The first trial, a virtual comedy of errors, took place in July 1996, under a judge who knew very well that Iranians had planned the bombing, and who was himself later arrested for corruption.  The trial, however, "proved" that the guilty were 15 policemen, "thirteen active and two retired, including two of Arab origin who might be suspected of bearing a grudge against the Jewish community." who had taken a bribe from Carlos Telleldín, aka "the dwarf." Telleldín moved in "an underworld of pimps and dealers, of torturers and Mafiosi, of the corrupt and the violent." It was Telleldín who provided the Renault van to the suicide bomber, but this lead was ignored, while Telleldín remained fiddling in jail for three years.

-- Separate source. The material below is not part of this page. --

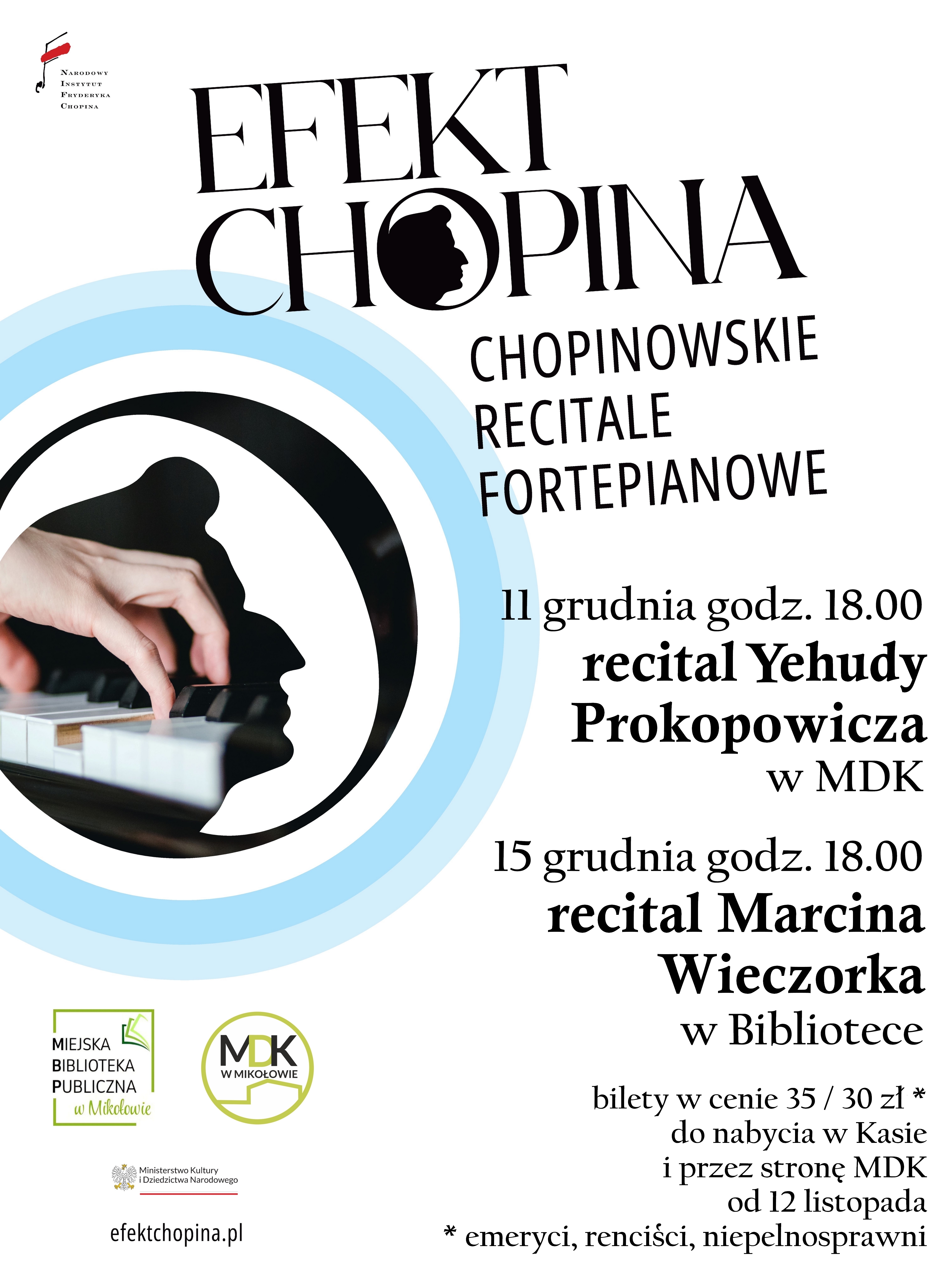 Zapraszamy na wyjątkowe recitale fortepianowe, będące częścią projektu "Efekt Chopina", realizowanego przez Narodowy Instytut Fryderyka Chopina.

The painful truth was that he wasn't in prison for what he had done, but for what somebody else had done, with his [van]…. What did it have to do with him?

But the policemen were also sent to prison. Meanwhile the real culprits, who remain at large, included Sheikh Mohsen Rabbani, a big shot in the Muslim community and an Iranian "cultural attaché, who decided that "the AMIA is the best building to blow up. It's at the heart of the Jewish community and it's a nest of Zionists." His co-conspirator, Ali Fallahijan, agreed, "because Argentina is an easy target.  Look what happened when we blew up the Israeli embassy.  Nothing." "Of course," agreed Ahmad Asghari, "we must kill without a trace." Five other Iranians were involved in the plan.

It fell to a troubled young Lebanese follower of Hezb’allah, Ibrahim Berro, who dreamed of  beautiful virgins "who show their breasts to martyrs," to drive the white Renault van, loaded with explosives, into the AMIA and into eternity.

Five years later, another AMIA trial began on September 24, 2001, "in a courtroom guarded by hundreds of police, under the watchful eyes of observers from Israel and the Interamerican Commission on Human rights, and of three hundred journalists…."Again, no convictions, and the policemen were soon released. Nisman was disgusted.

But all the while, despite repeated impediments, Nisman -- through the terms of four presidents -- was slowly building up his case against Iran with such scrupulosity that he found himself called to Interpol for questioning. At Interpol, he declared that he was pursuing "arrest warrants issued by an Argentine court in November 2006 for eight Iranians and one Lebanese man," which the Iranians consistently refused to answer. Unsurprisingly, at home, he was in need of constant security, which seems to have evaporated on the night of January 18.  The absence of security might have been related to the fact that Nisman's final report implicated President Cristina Fernandez de Kirchner in the coverup and called for her arrest.

Perednik's novel ends long before this dénouement. Perhaps he might consider a sequel; something like To Kill a Prosecutor Without a Trace.